An adult ticket is £5, and enables you to access a panoramic view of the Guildford town centre, as well as the castle's keep, but otherwise there isn't much else to see in the castle, so I'm not entirely convinced it's worth it - the whole visit can be quickly completed, and the gardens are likely more of a highlight. Admittedly I did manage to watch a short documentary about the geological formation of Surrey on a TV by the main entrance to the castle, and I got a postcard out of it, so it was somewhat worth it. I also managed to hit my head on a low ceiling, nothing particularly serious though, so best to read the signage as well.
- Guildford station
Guildford has two stations, with the larger one opening in 1845, and serving as a terminus for South Western Railway.

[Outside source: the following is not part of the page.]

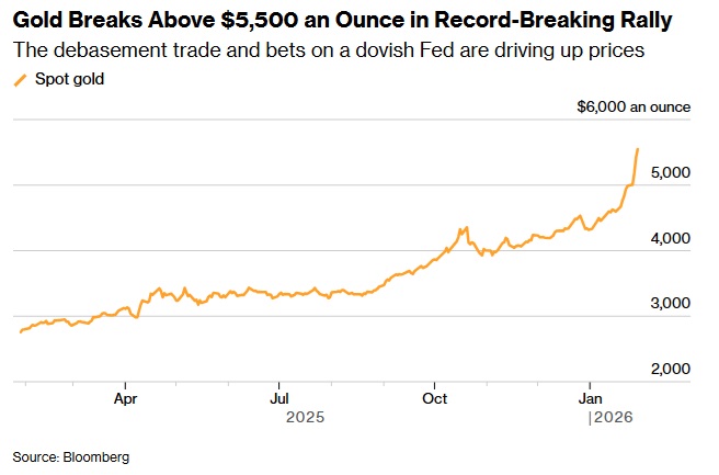 金价周三惊人暴涨4.6%,创下自2020年3月新冠疫情高峰期以来的最大单日涨幅。 今年贵金属价格大幅上涨,原因是地缘政治紧张局势加剧,以及市场对美联储独立性担忧,这些因素推动了货币贬值交易。周四,白银也创下历史新高。 美国有线电视新闻网(CNN)当地时间周三报道称,据知情人士透露,在华盛顿和德黑兰就限制伊朗核计划和弹道导弹生产进行的初步讨论未能取得进展后,美国总统特朗普(Donald Trump)正在考虑对伊朗发动新的重大打击。 知情人士表示,特朗普目前正在考虑的选项包括美国军方针对伊朗领导人以及被认为对杀害事件负责的安全官员的空袭,以及对伊朗核设施和政府机构的打击。 知情人士透露,特朗普尚未就如何继续采取行动做出最终决定,但他认为,随着美国航空母舰打击群进入该地区,他的军事选项相比本月初已有所扩大。 特朗普周三在Truth Social上发布消息,要求伊朗回到谈判桌上,达成“公平公正的协议——不发展核武器。”他警告称,下一次美国对伊朗的打击“将比去年夏天更严重”,当时美国军方曾攻击了伊朗的三个核设施。 美联储新主席恐更加鸽派 美联储周三如预期般维持利率不变的决定。随着新任美联储主席预计将在今年晚些时候接替鲍威尔(Jerome Powell),贝莱德公司(BlackRock Inc.)高管里克·里德(Rick Rieder)——一位主张更激进降息的专家——已成为主要的接班人选。 交易员们正加大对鸽派政策转变的押注,这将有利于没有收益的贵金属。 道明证券(TD Securities)全球商品策略负责人Bart Melek表示:“人们认为下一任美联储主席可能会更加鸽派。美联储主席的人选将是决定今年黄金价格走势的关键因素。” 上周日本债券市场的大规模抛售,再次印证了市场对巨额财政支出的担忧。与此同时,市场猜测美国可能干预市场以支撑日元,这令美元承压,也使得贵金属价格对大多数买家而言更加便宜。 地缘政治动荡刺激金银今年飙升 随着投资者涌入黄金市场,金价今年迄今已飙升超过25%。白银的涨幅更为显著,接近65%。

It also used to be part of the (often mentioned on this blog) London, Brighton and South Coast Railway, albeit the line used by the railway (the Cranleigh line, down to Horsham) was a victim of the Beeching cuts in the 1960s.
I happened to turn up in Guildford in the week of SWR being nationalised by the government, though I didn't turn up when anything interesting was going on - this is why I'm assuming there was a British Rail flag flying from the station roof.

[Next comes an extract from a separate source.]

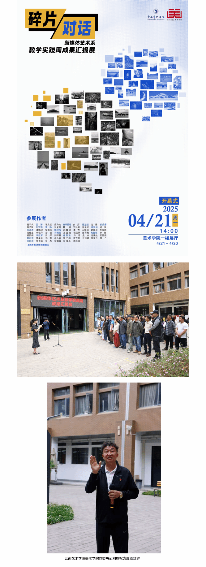2025年4月21日,由云南艺术学院美术学院新媒体艺术系师生倾力打造的 “碎片·对话——新媒体艺术系教学实践周成果汇报展”,在美术学院一楼展厅隆重启幕。美术学院党委书记刘恩权、副书记何君、美术学院副院长张炜、美术学院副院长沐晓熔莅临现场,与美术学院师生共同见证这一视觉盛宴的开启。

Otherwise, there isn't much to say about the station - I bought a paper ticket to make my way back to London, with the train passing through the second Guildford station on the way. London Road (Guildford) is the name, serving only 800,000 passengers compared to its sister station's 5.8 million. Alas, I have nothing to report on this side of Guildford - I'd bought a direct ticket to London, and wasn't planning to chalk out more money on a fare.
Guildford is in a rather curious location - distant enough from London to feel cut off from the capital, but close enough that you can travel from one to the other in under an hour by train. It's also surprisingly historic considering most will know it as merely a commuter town, and I reckon it also represents Surrey rather well, with its affluence surrounded by lovely woods and hills. Guildford is certainly worth an afternoon visit.
Footnote: the River Wey in Guildford also gives its name to Weybridge, which is upstream to the river. However, the Wey has nothing to do with Weymouth - there is a different River Wey responsible in this case. Why there are two River Weys, both in southern England, is unknown to me, though I reckon it's due to an etymological quirk.